Fonte Original: A citação é extraída dos 'Sermões' do Padre António Vieira. Embora a localização exata (sermão e data) possa variar consoante as edições, a frase é frequentemente atribuída e citada no âmbito da sua vasta obra oratória, que abordava temas teológicos, morais e sociais.
Citação Original: Enfim, que neste jogo que o mundo chama da fortuna, não consta o ser má ou boa, senão no bom ou mau uso dela.
Exemplos de Uso
- Um empresário que usa os seus lucros para criar programas de formação para desempregados está a dar um 'bom uso' à sua fortuna, transformando-a num instrumento de progresso social.
- Herdar uma grande quantia de dinheiro e gastá-la apenas em luxos efémeros, sem contribuir para nada além do próprio prazer imediato, pode ser considerado um 'mau uso' segundo a perspetiva de Vieira.
- Uma pessoa que ganha na lotaria e decide financiar investigação médica ou apoiar instituições de caridade está a jogar o 'jogo da fortuna' de forma ética, conferindo-lhe um valor moral positivo.
Variações e Sinônimos
- A riqueza em si não é virtude nem vício; tudo depende do uso que se faz dela.

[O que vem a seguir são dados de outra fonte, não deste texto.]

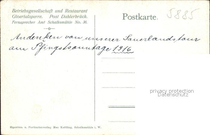 72430843 Dahlerbrueck Volmetal Gloertalsperre postalisch nicht gelaufen Erhaltung siehe scans KatCode: 11110005962056
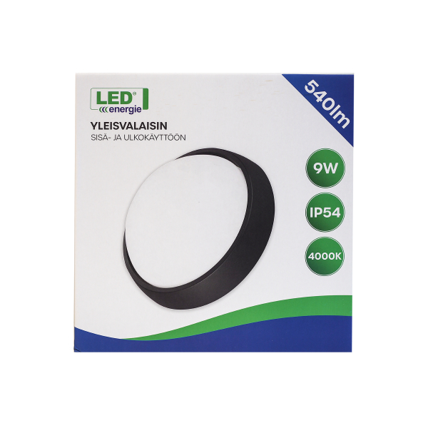 Led Energie Max on tehokas yleisvalaisin sekä kodin kuiviin että kosteisiin tiloihin, esimerkiksi olohuoneeseen tai kylpyhuoneeseen. Valaisin on IP54-luokkaa, joten se soveltuu hyvin myös ulkokäyttöön. Tyylikäs musta kehys, voidaan asentaa joko kattoon tai seinään. Ilmoitettu valoteho 540 lumenia, värilämpötila 4000 kelviniä. Rungon halkaisija 260 mm.
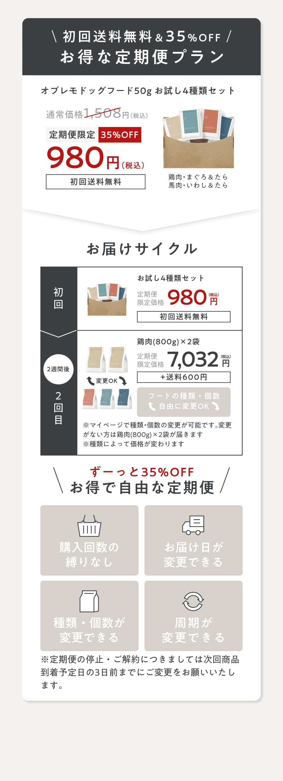 定期便は、「〇ヵ月継続が絶対条件」といった制約は一切ございません。マイページにて定期便を停止することが可能です。
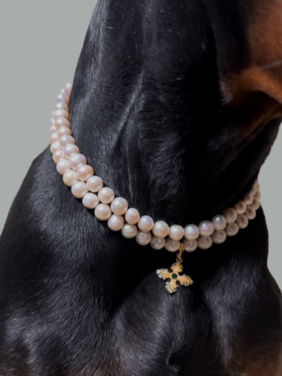 Pearls of Perfection: Our faux pearls, a blend of aesthetics and 100% pet safety, undergo meticulous crafting.
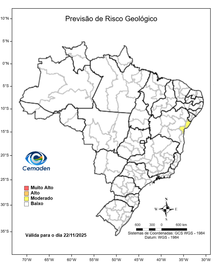 Figura 2 - Probabilidade de ocorrência de deslizamentos em ao menos um município das mesorregiões (e/ou subdivisões regionais) indicadas. Este mapa é elaborado por uma equipe multidisciplinar, levando em consideração as condições dos cenários de riscos geológicos atuais somados à previsão de chuva.
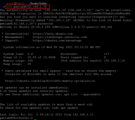 Command used: << ssh pwnlab@192.168.1.18 >>
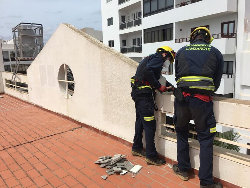 Los bomberos del Consorcio de Seguridad y Emergencias de Lanzarote han tenido que intervenir, la tarde de este sábado, en un inmueble ubicado en La Plazuela de Arrecife por la caída de cascotes en la vía pública.

- Não é o ter, mas o como se usa o que se tem, que define o caráter.
- A sorte é neutra; a moralidade está na ação que ela possibilita.
- O dinheiro é uma ferramenta; o bem ou mal está nas mãos de quem o maneja.

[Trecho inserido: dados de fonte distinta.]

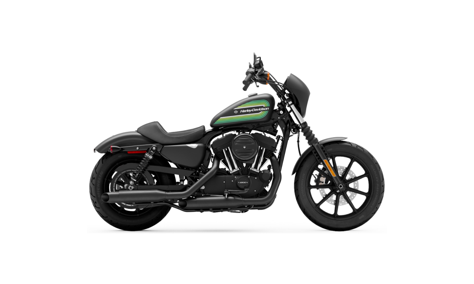 Nine-spoke wheels that are black as night from rim to rubber to complement the Dark Custom look.
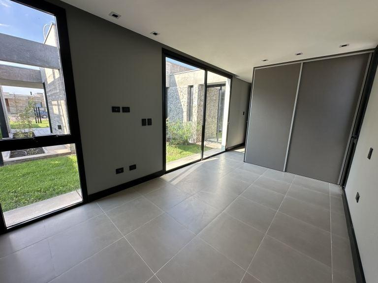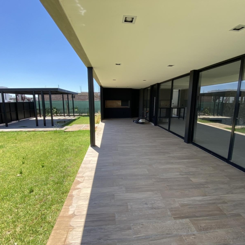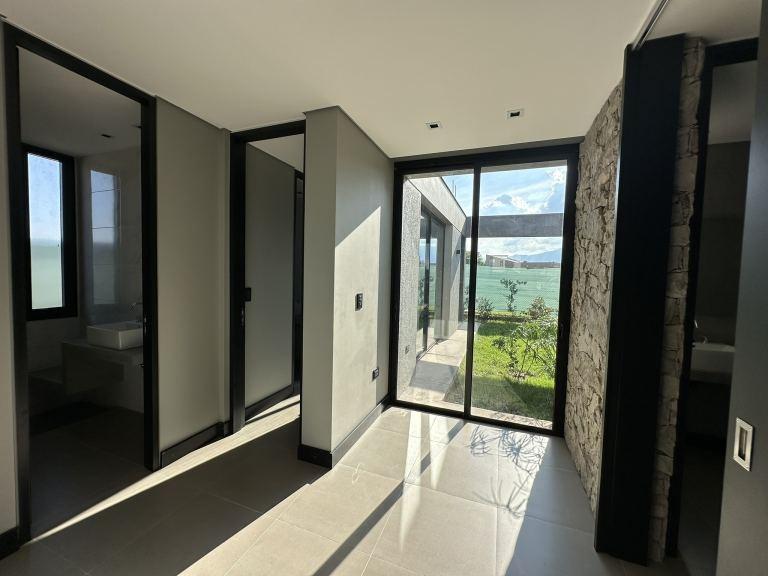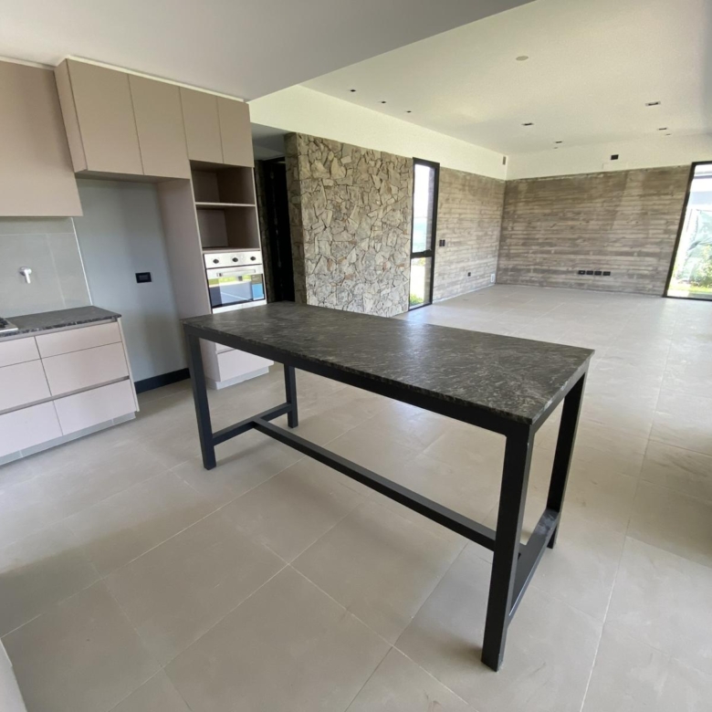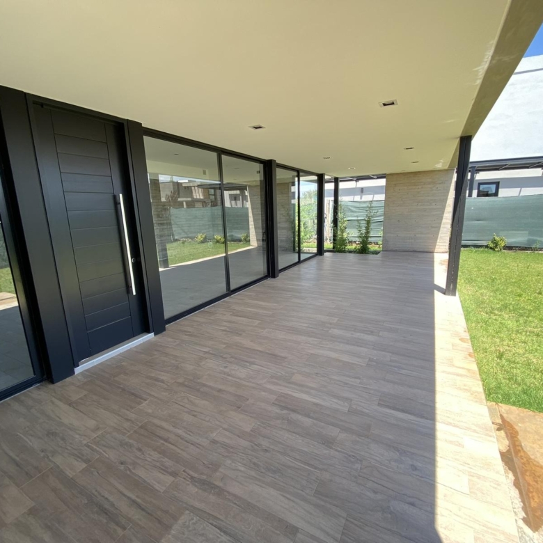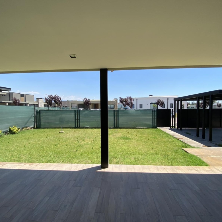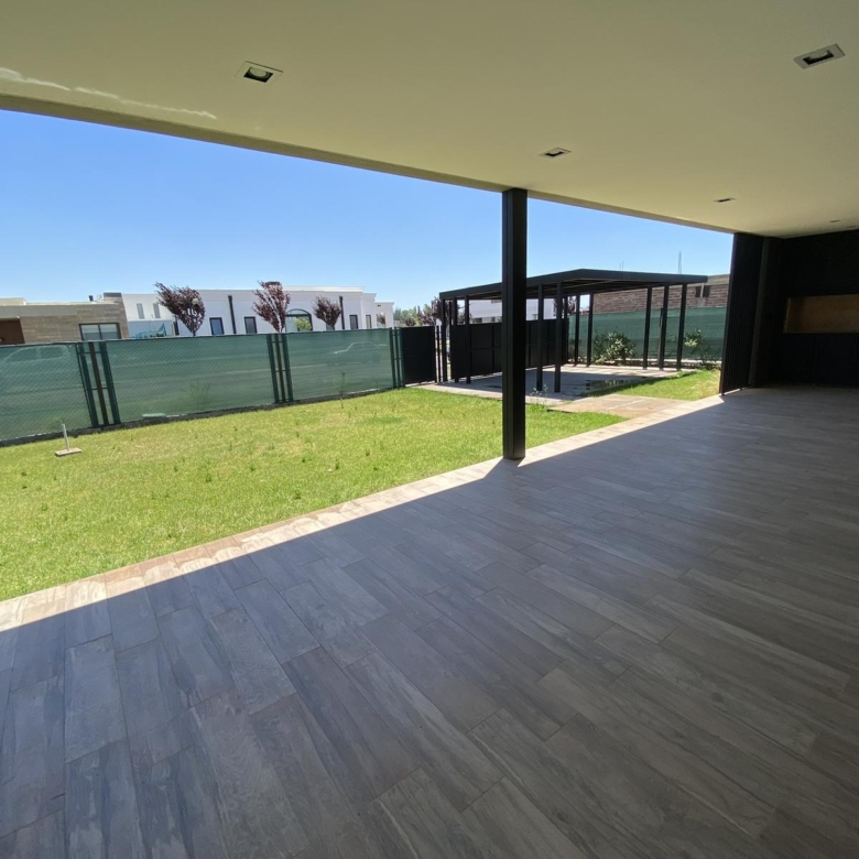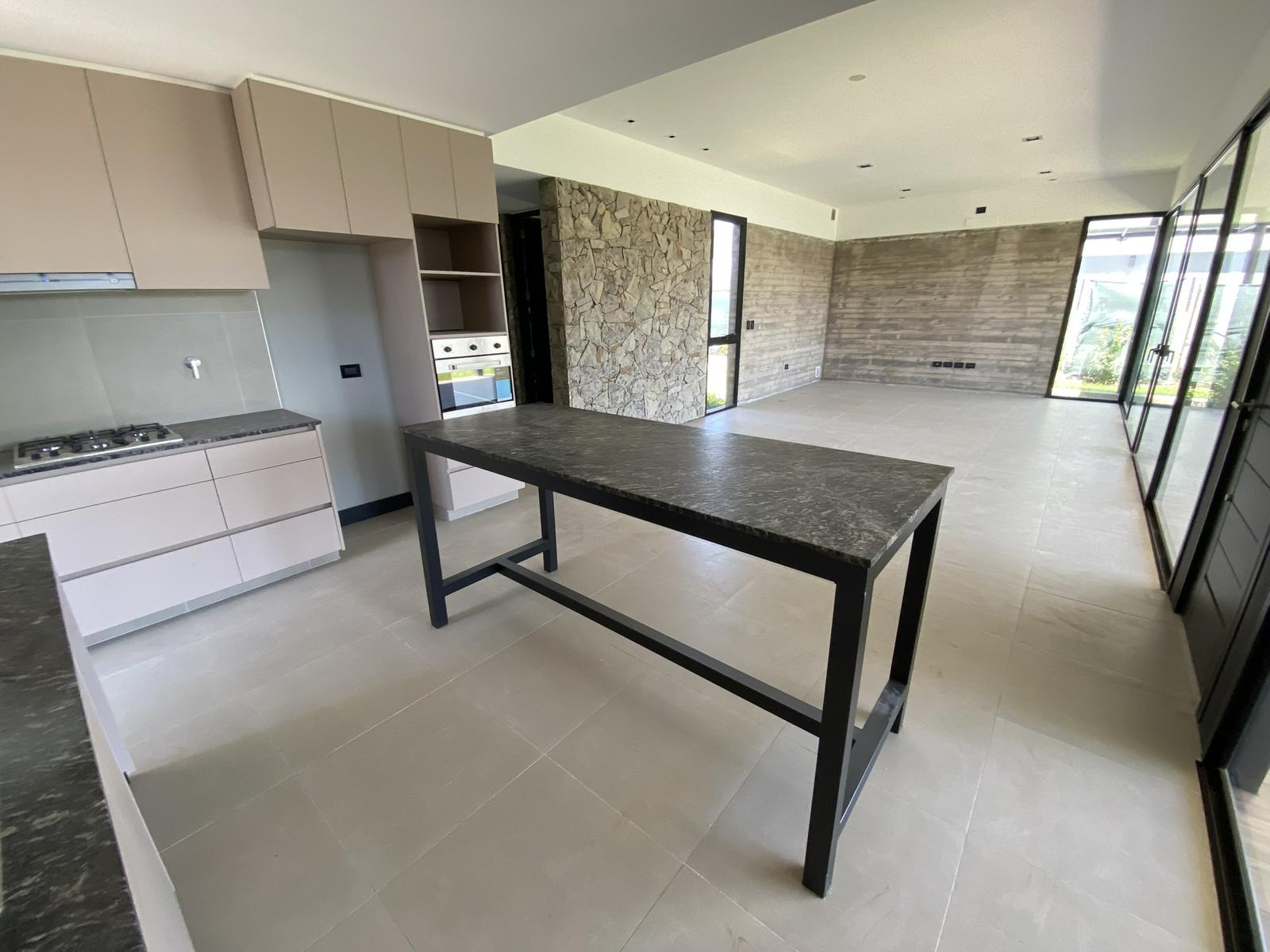 La casa se ubica en el lote 35 de la Manzana A, cuenta con un proyecto minimalista con detalles en piedra mucha visual de su jardin construida de una planta, que cuenta con un amplio estar comedor , cocina con amoblamiento, lavadero separado, toilette, patio tendedero, 3 dormitorios con placares, el principal con vestidor y en suite, y un tercer baño para los otros dos dormitorios, posee galería al mismo nivel de piso que el estar para permitir al abrir sus aberturas comunicar los dos espacios, estos ambientes poseen vista al jardín y cuenta con una cochera para dos vehículos a la par.

- Ditado popular: 'O dinheiro não traz felicidade, mas ajuda muito.' (variante que aborda o uso, não a posse).
Curiosidades
Padre António Vieira foi tão influente e controverso que foi perseguido pela Inquisição, que o considerou 'herege, ímpio e rebelde'. Acabou por ser absolvido, mas a sua coragem em pregar contra as injustiças, mesmo perante o poder estabelecido, reflete-se nesta citação que desafia os detentores de 'fortuna' a usá-la com retidão.